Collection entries
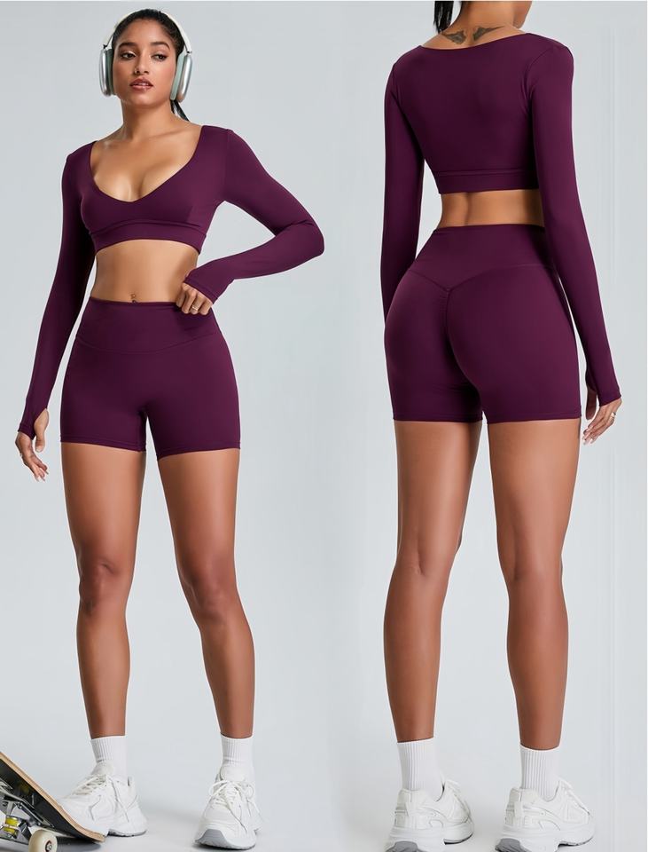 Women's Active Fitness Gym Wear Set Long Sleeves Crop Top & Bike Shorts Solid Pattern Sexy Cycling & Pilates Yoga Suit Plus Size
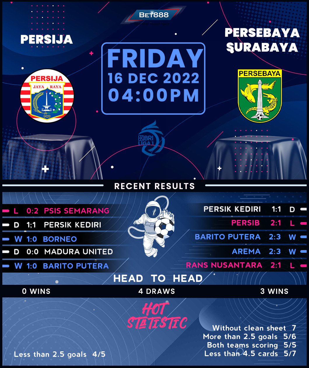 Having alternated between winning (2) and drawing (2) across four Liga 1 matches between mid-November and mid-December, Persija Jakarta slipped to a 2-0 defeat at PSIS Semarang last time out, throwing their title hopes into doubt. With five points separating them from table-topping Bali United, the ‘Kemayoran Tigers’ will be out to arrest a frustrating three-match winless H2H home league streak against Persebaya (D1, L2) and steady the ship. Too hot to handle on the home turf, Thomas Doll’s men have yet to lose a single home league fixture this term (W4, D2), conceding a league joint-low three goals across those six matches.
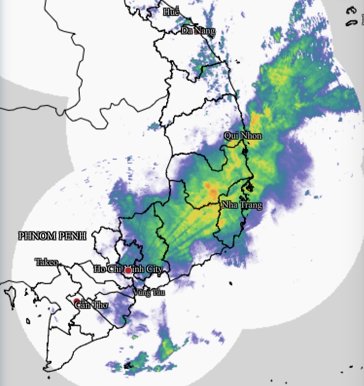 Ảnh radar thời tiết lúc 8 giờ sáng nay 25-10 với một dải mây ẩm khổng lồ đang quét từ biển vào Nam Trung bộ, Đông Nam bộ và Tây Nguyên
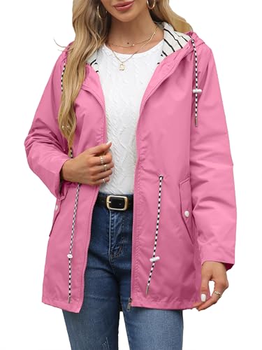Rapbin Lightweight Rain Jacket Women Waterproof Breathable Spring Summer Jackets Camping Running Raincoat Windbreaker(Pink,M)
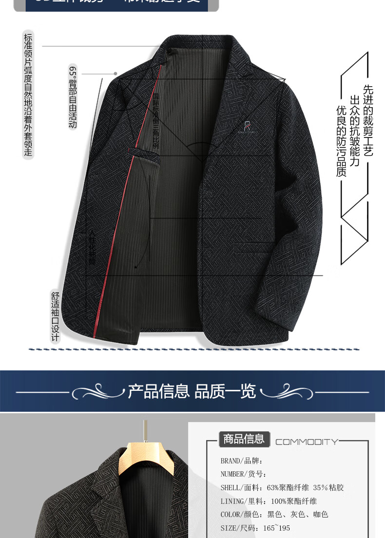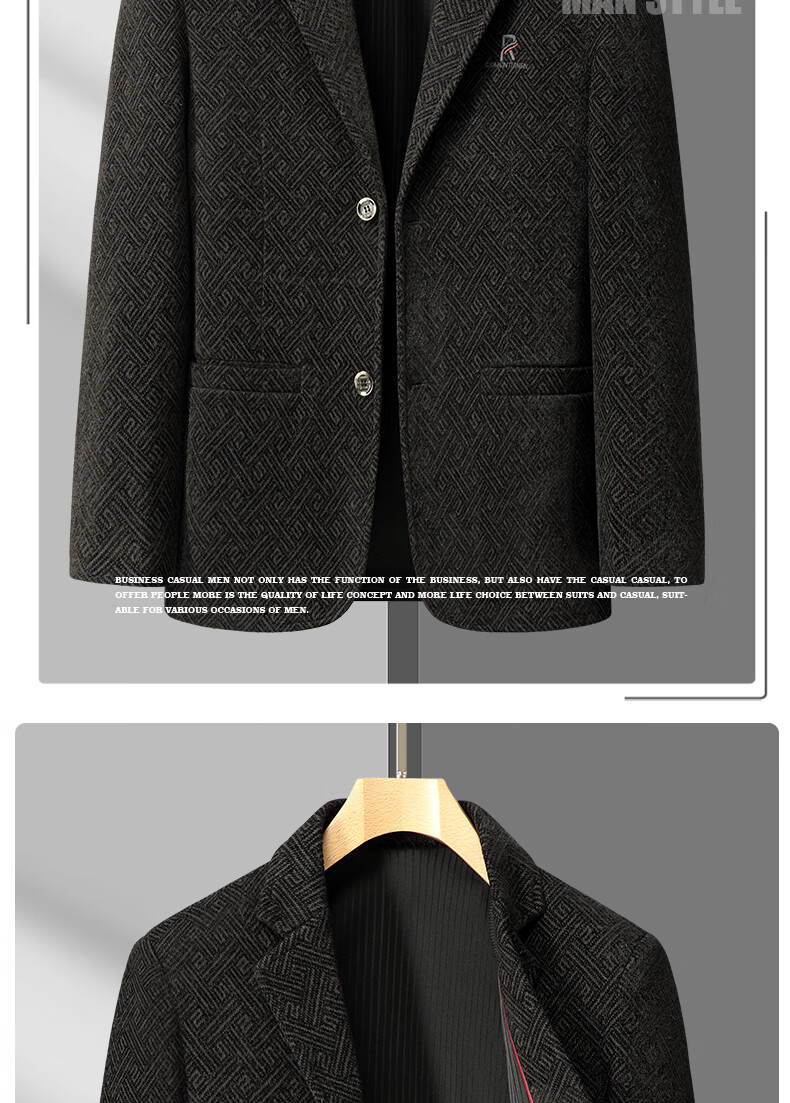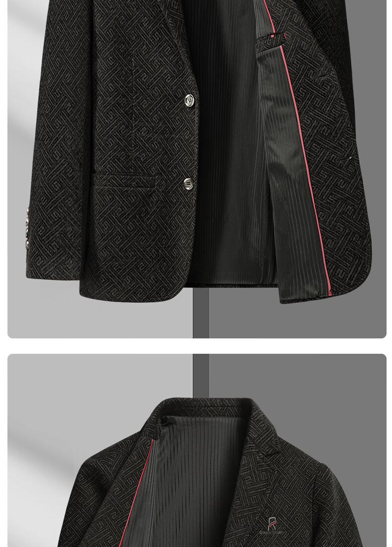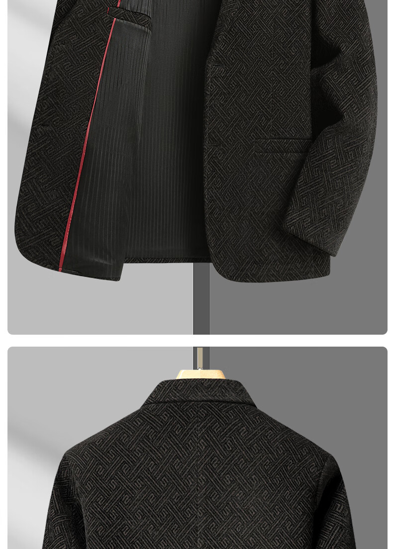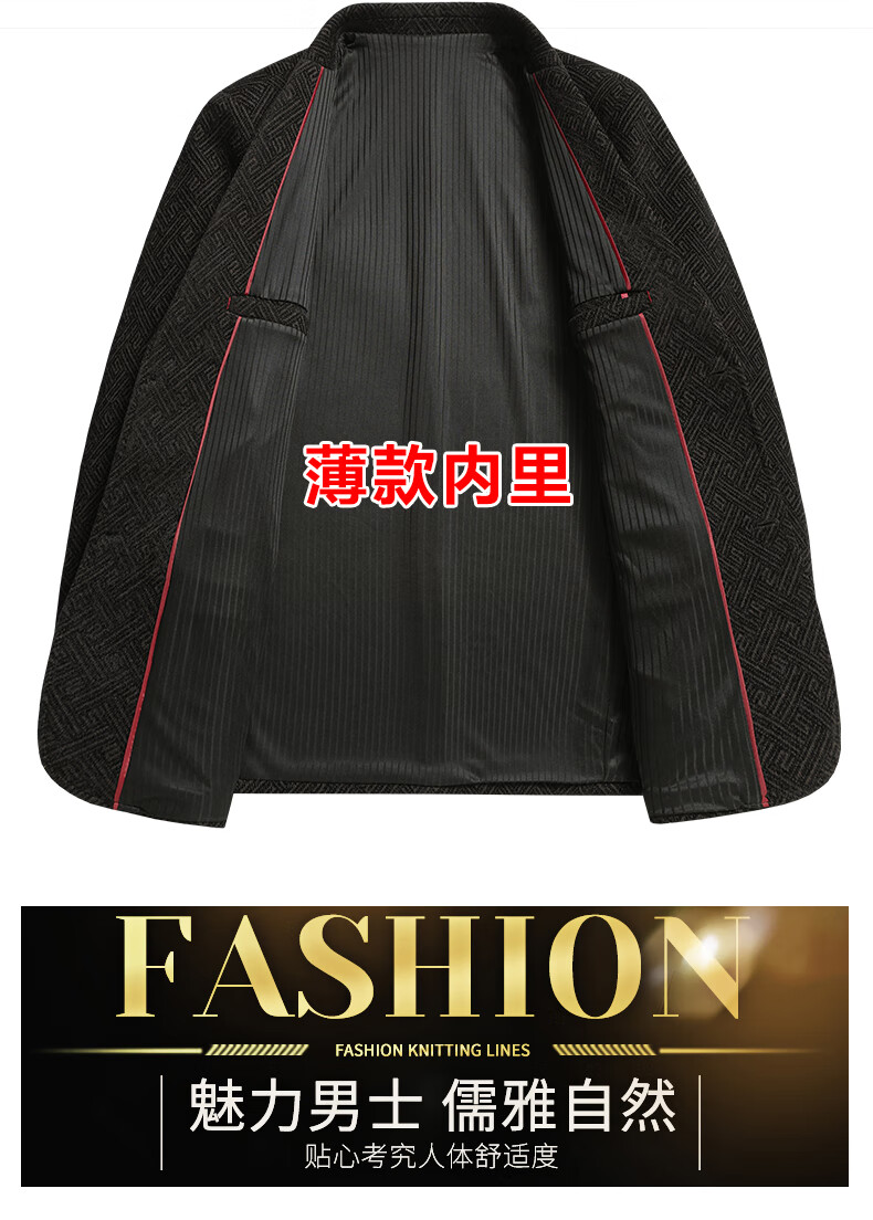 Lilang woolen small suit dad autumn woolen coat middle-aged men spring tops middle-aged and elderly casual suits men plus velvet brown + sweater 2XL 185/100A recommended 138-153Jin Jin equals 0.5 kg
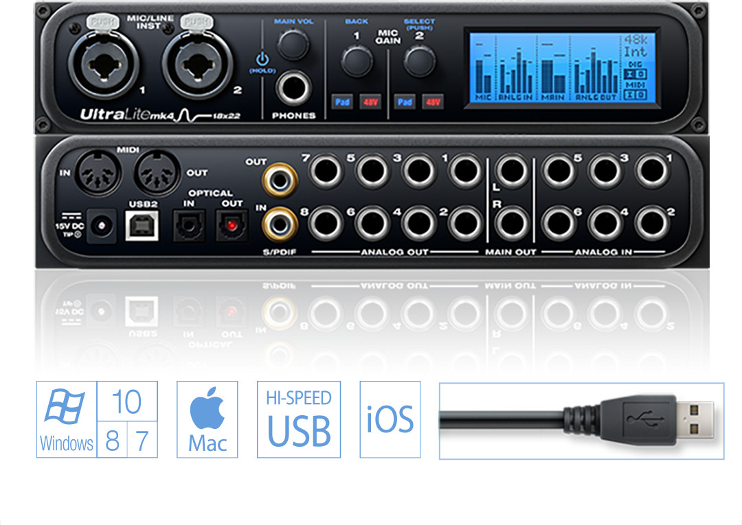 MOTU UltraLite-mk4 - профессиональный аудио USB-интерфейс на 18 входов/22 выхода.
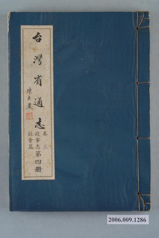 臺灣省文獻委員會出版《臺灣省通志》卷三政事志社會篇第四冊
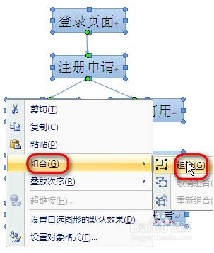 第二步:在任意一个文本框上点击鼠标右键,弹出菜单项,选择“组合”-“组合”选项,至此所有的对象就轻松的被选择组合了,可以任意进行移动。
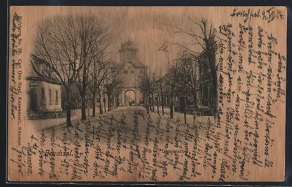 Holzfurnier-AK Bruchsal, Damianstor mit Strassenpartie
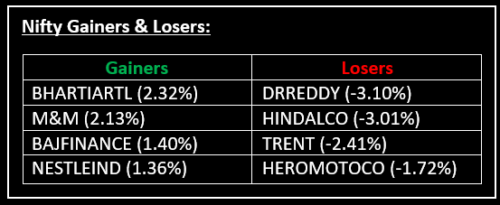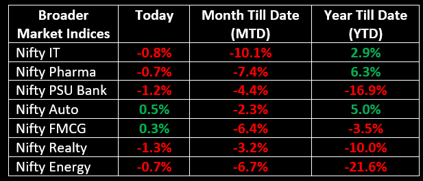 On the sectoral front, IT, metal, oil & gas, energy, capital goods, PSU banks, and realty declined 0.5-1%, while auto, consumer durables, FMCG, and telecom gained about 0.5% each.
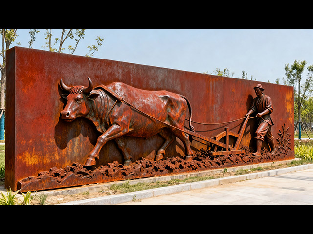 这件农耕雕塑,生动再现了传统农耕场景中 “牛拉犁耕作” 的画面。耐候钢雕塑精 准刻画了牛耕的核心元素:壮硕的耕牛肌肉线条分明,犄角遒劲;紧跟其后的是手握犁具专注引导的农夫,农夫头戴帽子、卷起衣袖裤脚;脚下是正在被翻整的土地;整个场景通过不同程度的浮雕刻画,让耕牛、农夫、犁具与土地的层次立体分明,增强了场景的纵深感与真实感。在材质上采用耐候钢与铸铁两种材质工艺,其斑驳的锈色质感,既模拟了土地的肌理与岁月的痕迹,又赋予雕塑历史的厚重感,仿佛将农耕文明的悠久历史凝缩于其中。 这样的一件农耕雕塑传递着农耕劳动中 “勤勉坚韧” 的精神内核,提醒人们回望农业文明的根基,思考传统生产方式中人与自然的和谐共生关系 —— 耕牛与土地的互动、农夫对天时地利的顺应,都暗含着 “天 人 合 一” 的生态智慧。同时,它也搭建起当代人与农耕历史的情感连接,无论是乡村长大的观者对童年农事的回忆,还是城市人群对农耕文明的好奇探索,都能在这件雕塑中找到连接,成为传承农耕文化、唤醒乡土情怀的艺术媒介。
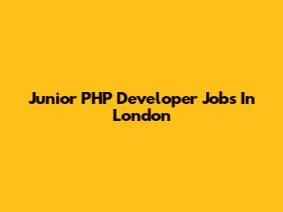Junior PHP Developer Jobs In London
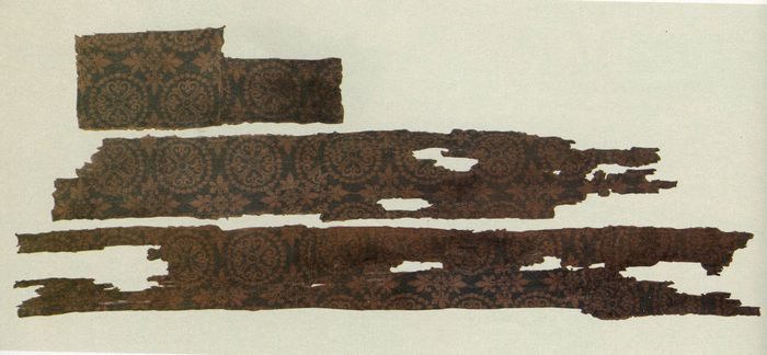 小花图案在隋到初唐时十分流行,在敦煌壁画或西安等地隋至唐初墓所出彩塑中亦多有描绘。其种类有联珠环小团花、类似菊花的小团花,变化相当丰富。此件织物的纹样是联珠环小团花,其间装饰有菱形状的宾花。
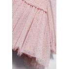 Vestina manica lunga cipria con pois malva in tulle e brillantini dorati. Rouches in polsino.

# ABOUT THIS EXERCISE
Start at the line that contains "Rapbin Lightweight Rain" and retype every line through the end of the entries above, both ends included. Exclude all pictures.

# ANSWER TO THIS TASK
Rapbin Lightweight Rain Jacket Women Waterproof Breathable Spring Summer Jackets Camping Running Raincoat Windbreaker(Pink,M)
 Lilang woolen small suit dad autumn woolen coat middle-aged men spring tops middle-aged and elderly casual suits men plus velvet brown + sweater 2XL 185/100A recommended 138-153Jin Jin equals 0.5 kg
 MOTU UltraLite-mk4 - профессиональный аудио USB-интерфейс на 18 входов/22 выхода.
 臺灣省文獻委員會出版《臺灣省通志》卷三政事志社會篇第四冊
 第二步:在任意一个文本框上点击鼠标右键,弹出菜单项,选择“组合”-“组合”选项,至此所有的对象就轻松的被选择组合了,可以任意进行移动。
 Holzfurnier-AK Bruchsal, Damianstor mit Strassenpartie
 On the sectoral front, IT, metal, oil & gas, energy, capital goods, PSU banks, and realty declined 0.5-1%, while auto, consumer durables, FMCG, and telecom gained about 0.5% each.
 这件农耕雕塑,生动再现了传统农耕场景中 “牛拉犁耕作” 的画面。耐候钢雕塑精 准刻画了牛耕的核心元素:壮硕的耕牛肌肉线条分明,犄角遒劲;紧跟其后的是手握犁具专注引导的农夫,农夫头戴帽子、卷起衣袖裤脚;脚下是正在被翻整的土地;整个场景通过不同程度的浮雕刻画,让耕牛、农夫、犁具与土地的层次立体分明,增强了场景的纵深感与真实感。在材质上采用耐候钢与铸铁两种材质工艺,其斑驳的锈色质感,既模拟了土地的肌理与岁月的痕迹,又赋予雕塑历史的厚重感,仿佛将农耕文明的悠久历史凝缩于其中。 这样的一件农耕雕塑传递着农耕劳动中 “勤勉坚韧” 的精神内核,提醒人们回望农业文明的根基,思考传统生产方式中人与自然的和谐共生关系 —— 耕牛与土地的互动、农夫对天时地利的顺应,都暗含着 “天 人 合 一” 的生态智慧。同时,它也搭建起当代人与农耕历史的情感连接,无论是乡村长大的观者对童年农事的回忆,还是城市人群对农耕文明的好奇探索,都能在这件雕塑中找到连接,成为传承农耕文化、唤醒乡土情怀的艺术媒介。
Junior PHP Developer Jobs In London
 小花图案在隋到初唐时十分流行,在敦煌壁画或西安等地隋至唐初墓所出彩塑中亦多有描绘。其种类有联珠环小团花、类似菊花的小团花,变化相当丰富。此件织物的纹样是联珠环小团花,其间装饰有菱形状的宾花。
 Vestina manica lunga cipria con pois malva in tulle e brillantini dorati. Rouches in polsino.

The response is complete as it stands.